We see that this method retrieves MYC as a significant regulator. To compute the Enrichment test over STRINGdb we can use the following: ```{r, message=FALSE} enrichment_results <- RunCRE_HSAStringDB(myc, method = "Enrichment", fc.thresh = log2(1.3), pval.thresh = 0.05, only.significant.pvalues = TRUE, significance.level = 0.05, epsilon = 1e-16) enrichment_results[1:10, c("uid","symbol","regulation","pvalue")] ```

We see that the Enrichment method also retrieves MYC as a significant regulator although not as significant as in the case of the Ternary Dot Product Scoring Statistic. ## References [1] Chindelevitch et al. (2012).

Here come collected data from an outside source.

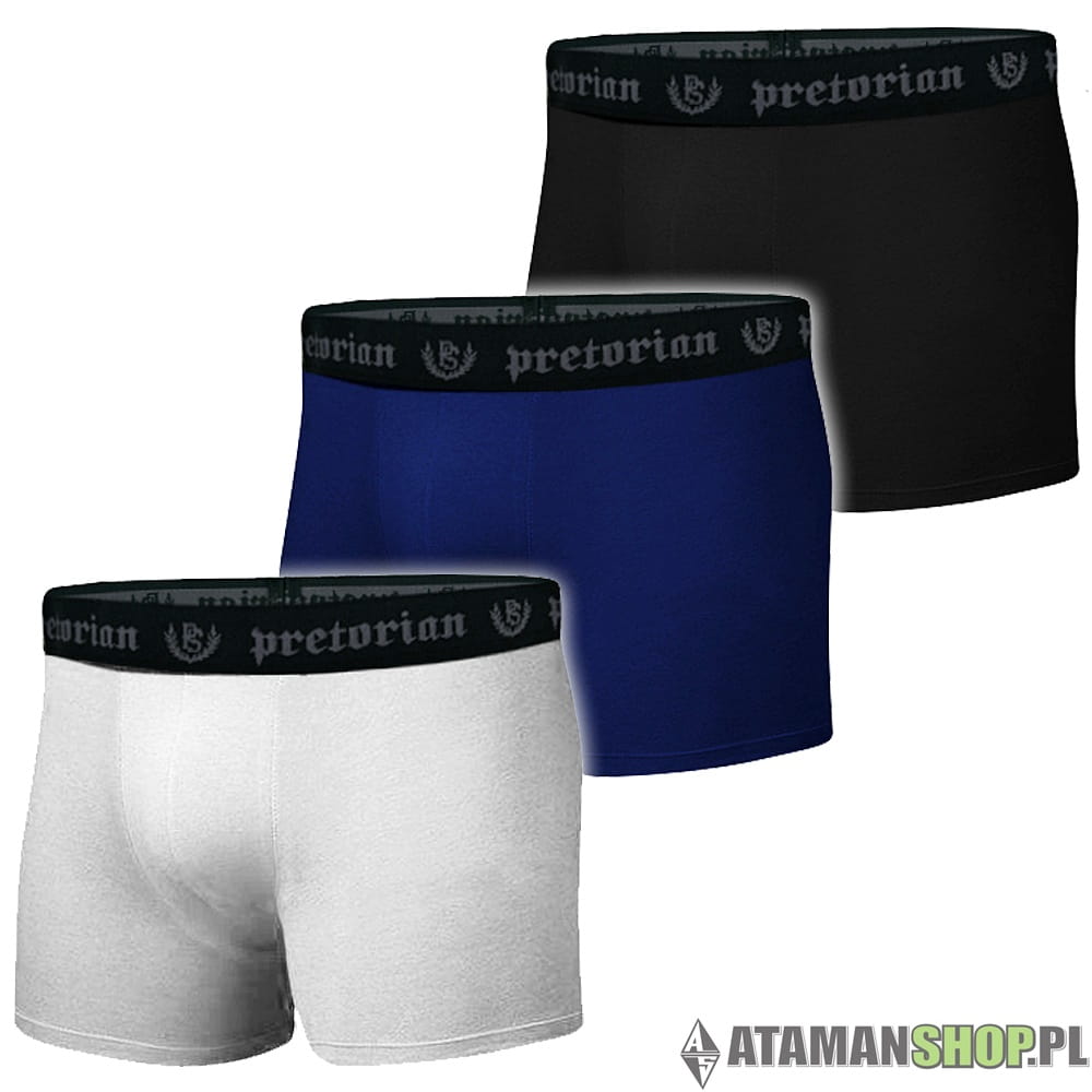 Wysokiej jakości bawełniane bokserki sportowe uliczne marki Pretorian. Wykonane z miękiego, miłego w dotyku materiału. Idealnie sprawdzą się podczas codziennego użytkowania oraz jako bokserki pod spodenki do sportów walki. Szeroka, elastyczna gumka w pasie z wizerunkiem logo marki Pretorian. Zestaw zawiera 3 sztuki. Całość zapakowana w ozdobne, plastikowe pudełko.
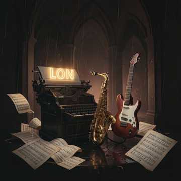 A dynamic fusion of modern jazz and heavy metal, Smooth jazz instrumentation with upright bass, brushed drums, and expressive saxophone contrasts with sudden shifts into powerful distorted guitar riffs and double pedal drums, Vocals range from whispered spoken word to soulful jazz singing and explosive rock choruses, Tempo and emotional intensity evolve fluidly, echoing the hypnotic pull of the Loreley and the grounding power of print, A lush arrangement with haunting melodies and an epic closing climax
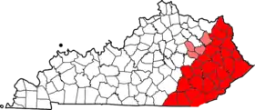 The Eastern Kentucky Coalfield is part of the Central Appalachian bituminous coalfield, including all or parts of 30 Kentucky counties and adjoining areas in Ohio, West Virginia, Virginia, and Tennessee.[3] It covers an area from the Allegheny Mountains in the east across the Cumberland Plateau to the Pottsville Escarpment in the west. The region is known for its coal mining; most family farms in the region have disappeared since the introduction of surface mining in the 1940s and 1950s.
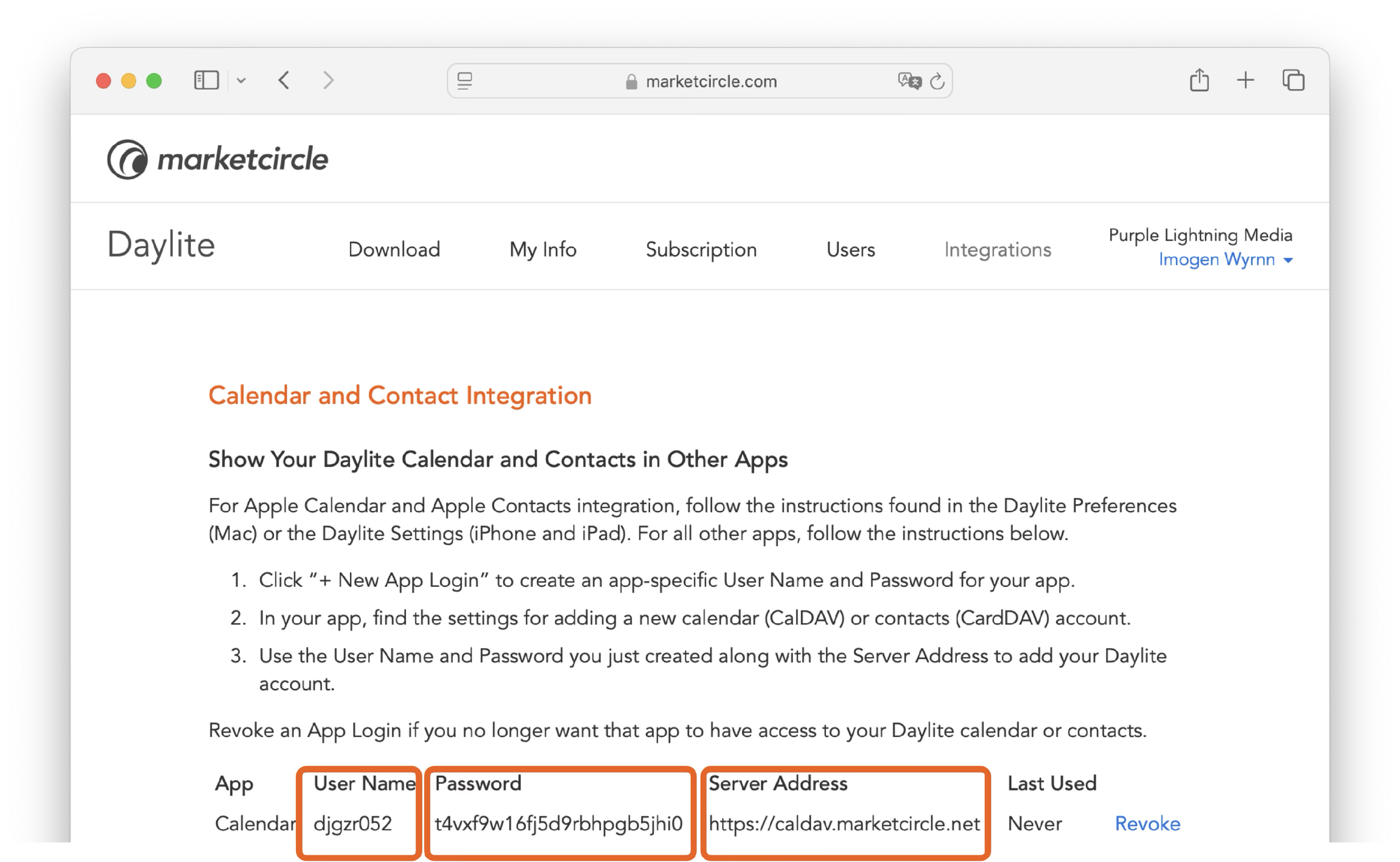 Each time you share your calendar, a new set of credentials is generated. These credentials are specific to your device and application, meaning they won’t affect your main Daylite login. If you need to remove access or update your setup, you can manage these credentials from your Account Manager.
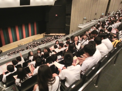 10月21日(水)午後、6年生は、「こころの劇場」にやってきました。こころの劇場とは、日本全国の子どもたちを劇場に無料招待し、演劇の感動を届けるプロジェクトです。「子どもたちの心に、生命の大切さ、人を思いやる心、信じあう喜びなど、人が生きていく上で最も大切なものを、舞台を通じて語りかけたい」という願いのもと行われています。
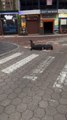 Sea Lions Fight as They Cross Street
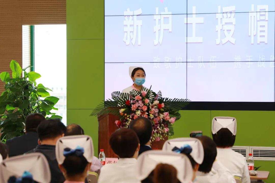 血液凈化中心護士張晶代表全院240名新入職護士發(fā)言,她說,戴在頭上的不單單是一頂燕尾帽,它是責任,是使命,是擔當,更是對新護士們的殷切希望。新冠疫情襲來時,前輩們用實際行動闡釋“南丁格爾精神”和“國際醫(yī)學精神”,新護士們將傳承使命,用平凡的工作佑護無法衡量的價值!
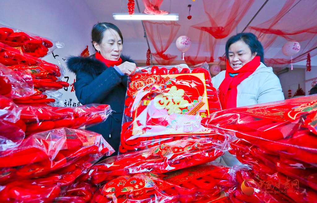 1月6日,甘肅民樂(lè)生態(tài)工業(yè)園區(qū)的巾幗扶貧車(chē)間內(nèi),女工們?cè)诎b編織好的中國(guó)結(jié)準(zhǔn)備發(fā)運(yùn)。
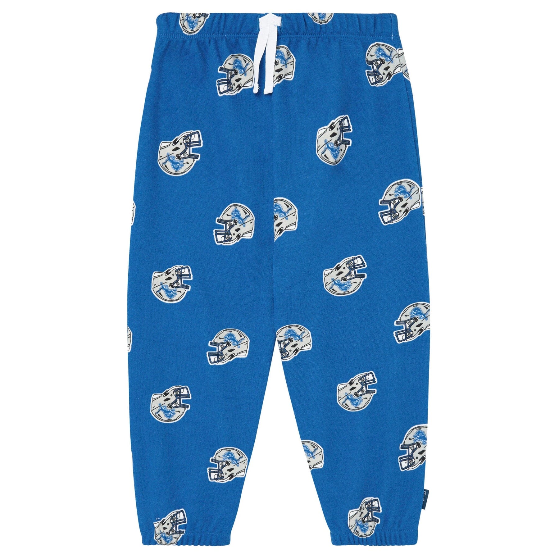 For cooler game days, this Lions fleece set is the perfect pick! Made with thick fleece to keep them warm, the ribbed trim at the neckline, wrists, hem, and ankles ensures a comfy, flexible fit. The drop-shoulder sweatshirt has a relaxed, easy-to-layer style, and the allover helmet print shows off their Lions pride in the coolest way. Our essentials are independently certified with STANDARD 100 by OEKO-TEX, so you don’t have to worry about harmful substances in your little one's wardrobe. Includes matching sweatshirt and pants set.
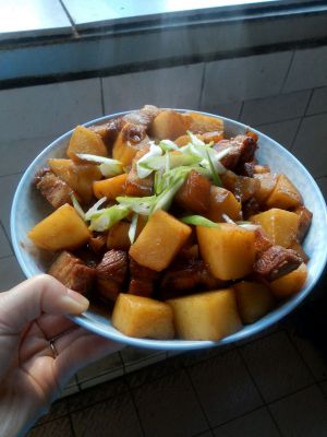 倒热水没过肉,放葱姜蒜,倒入土豆块,小火慢炖15-20分钟大火收汁,完成。
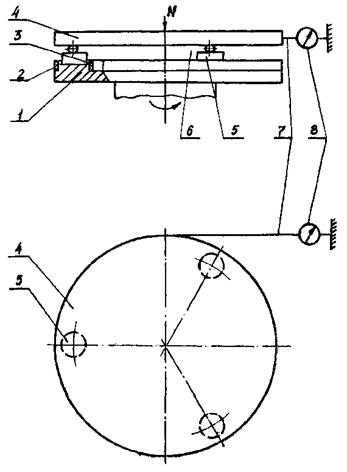 Схема рабочего узла представлена на рис. 3. Вращение получает полый вал 1 червячного колеса, на верхнем торце которого укреплено кольцо 2. К ограниченному съемными буртиками верхнему торцу кольца поджаты три одинаковых цилиндрических образца 3 из контролируемых материалов, равноудаленные друг от друга. Трение осуществляется между торцами образцов 3 и круговой направляющей кольца 2. Нагрузка на образцы передается через нагрузочный винт 4, гайку с ручками 5, упорный шарикоподшипник 6 и нажимной диск 7. Последний винтами 8 через сухари (на рис. 3 не показаны) может поджиматься к дискам резьбовой поверхности винта 4.

Assessing statistical significance in causal graphs. BMC Bioinformatics, Volume 3, Issue 1, 2012, Page 35. [2] Carl Tony Fakhry, Parul Choudhary, Alex Gutteridge, Ben Sidders, Ping Chen, Daniel Ziemek, and Kourosh Zarringhalam. Interpreting transcriptional changes using causal graphs: new methods and their practical utility on public networks. BMC Bioinformatics, 17:318, 2016. ISSN 1471-2105. doi: 10.1186/s12859-016-1181-8. [3] Franceschini, A (2013). STRING v9.1: protein-protein interaction networks, with increased coverage and integration. In:'Nucleic Acids Res. 2013 Jan;41(Database issue):D808-15. doi: 10.1093/nar/gks1094. Epub 2012 Nov 29'.